The Federal Reserve released its Beige Book in afternoon action, which is a report summarizing anecdotal economic data from all twelve Federal Reserve districts in preparation for the next Federal Open Market Committee (FOMC) meeting scheduled for January 25-26. The report had some positive pieces of data, as it noted that economic activity continued to “expand moderately,” and all Districts reported manufacturing activity continued to recover and retailers indicated that sales appeared to be higher in this holiday season than in 2009 and, in some cases “better than expectations.” Moreover, the report revealed that financial conditions were mixed, while residential real estate markets remained weak across all Districts and commercial construction was described as subdued or slow. On inflation, both retailers and manufacturers noted that “costs were rising,” and that competitive pressures had led to only modest pass-through into final prices. Finally, the report showed that the labor markets appeared to be “firming somewhat,” as some modest hiring beyond replacement was said to have occurred and/or was planned in a variety of sectors.
Treasuries finished lower amid the solid gains in equities and following the inflation and housing data. The yield on the two-year note rose 2 bps to 0.60%, the yield on the 10-year note increased 3 bps to 3.37%, and the 30-year bond yield gained 4 bps to 4.53%.
Possible changes to euro-zone bailout soothes some debt concerns
European debt concerns dissipated somewhat, after the European Union and Monetary Affairs Commissioner Rehn said the European Commission and euro-zone countries are mulling changes to the size and scope of the euro-zone’s bailout fund.
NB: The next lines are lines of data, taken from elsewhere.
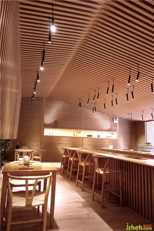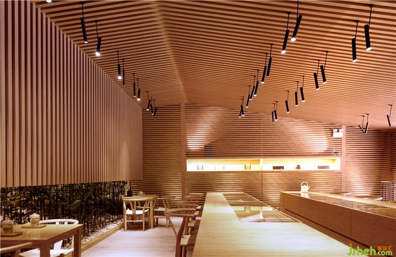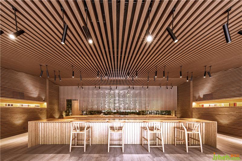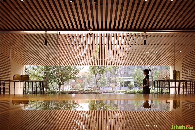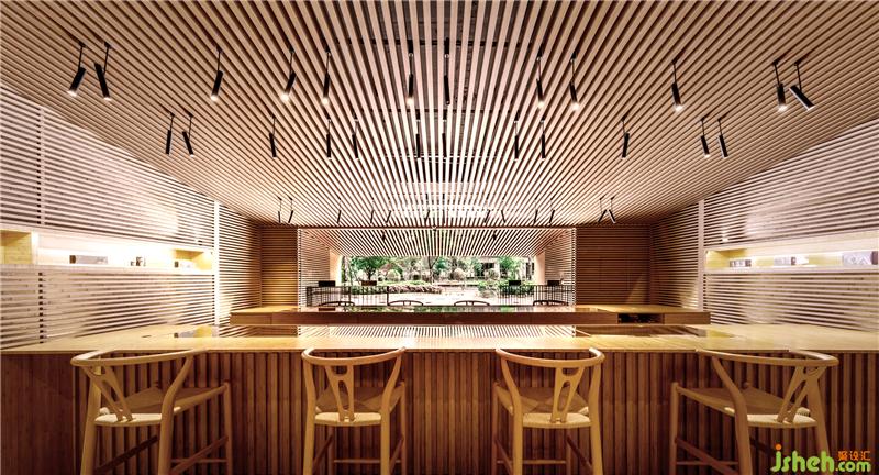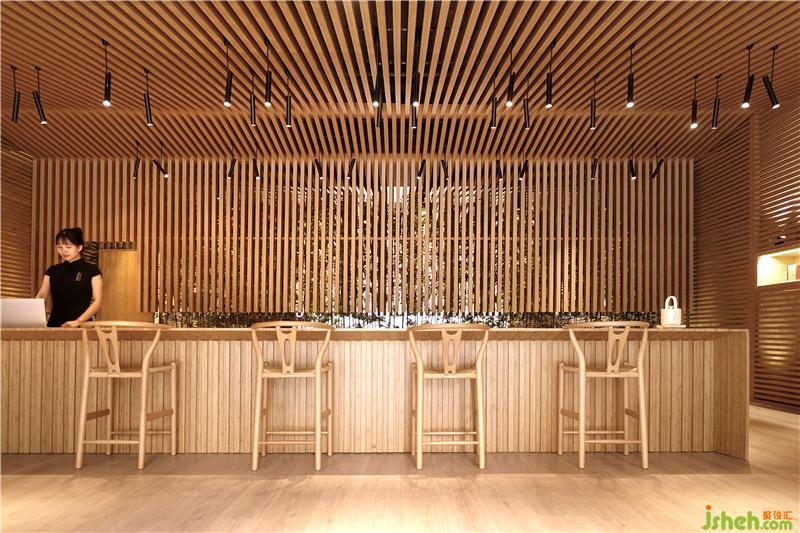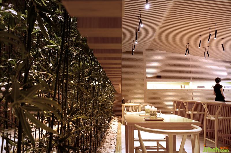 竹葉青的產(chǎn)品種類是精選過的,并不繁雜,因此我們縮小了商品展示空間的比例,而著重在人與人之間的互動。悠閑的生活步調(diào)是大家對成都人的印象之一,另一個印象就是在庭院中喝著用蓋碗杯泡的竹葉青茶。過去十多年,竹葉青在品牌的塑造上并沒有強調(diào)”怎么喝竹葉青茶”這件事,我們現(xiàn)在把它強調(diào)出來,創(chuàng)造喝茶的氛圍。同時我們也把竹子帶入店內(nèi)空間,竹子也是大眾對四川的一個普遍印象;店鋪設(shè)計我們也在竹子格柵的設(shè)計上著墨,將其發(fā)揮得淋漓盡致。店鋪設(shè)計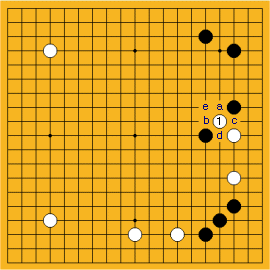 なるほど、黒はa〜dいずれに打ってもサカレ形になってしまうからいけないのね。黒eは構わないのかしら?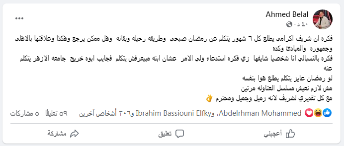وكتب أحمد بلال عبر حسابه الشخصي على فيس بوك: «فكرة ان شريف اكرامي يطلع كل ٦ شهور يتكلم عن رمضان صبحي وطريقه رحيله وبقائه وهل ممكن يرجع وهكذا وعلاقتها بالأهلي وجمهوره والمبادئ وكده».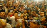 Calon wakil presiden nomor urut 2 Gibran Rakabuming Raka (tengah) berfoto dengan para pendukung saat dialog Gibran Mendengar di Slawi, Kabupaten Tegal, Jawa Tengah, Senin (29/1/2024). (FOTO : ANTARA FOTO/Oky Lukmansyah)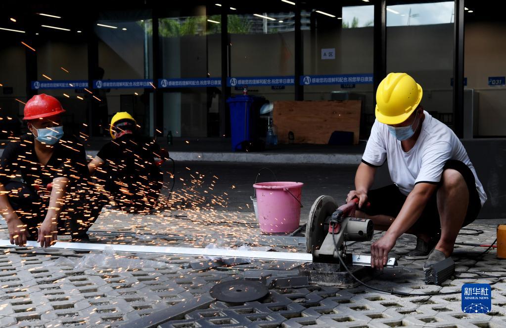 8月14日,工人在三亞第三方艙醫院作業(yè)。

Meanwhile, the economic calendar across the pond offered support to sentiment as there were some favorable releases to help boost optimism about the economic health of the European economy, which could help combat the debt crisis in the region. Euro-zone industrial production rose much more than economists expected, rising 1.2% m/m in November, compared to the 0.5% growth that was anticipated, while Italy’s industrial production also exceeded economists’ growth forecasts. Moreover, Germany’s annual GDP growth rate rebounded from a -4.7% rate in 2009 to a 3.6% pace of expansion—the fastest economic expansion in two decades, per Bloomberg—for 2010. However, the UK reported that its trade deficit widened more than anticipated.
In Asia/Pacific, a report showed that Japan’s trade surplus narrowed by an amount that exceeded economists’ forecasts, while India’s industrial production rose at a smaller-than-expected rate, and Thailand’s central bank increased its benchmark interest rate by 25 basis points to 2.25%.
Back in the Americas, Brazil announced that retail sales increased 1.1% in November, compared to the 0.5% increase expected by economists.
PPI, jobless claims, and trade balance on tap for tomorrow
In addition to the aforementioned Producer Price Index, other releases on tomorrow’s US economic calendar will include weekly initial jobless claims, which are expected to tick slightly higher to 410,000, and the November trade balance, which economists expect to expand to a deficit of $40.5 billion.
Releases on tomorrow’s international calendar will include the French CPI, the German wholesale price index, UK industrial and manufacturing production, Japanese machine orders, the Chinese leading indicator, and Australia’s unemployment rate. Additionally, the Bank of England will conclude its monetary policy meeting, where it is expected to keep interest rates unchanged.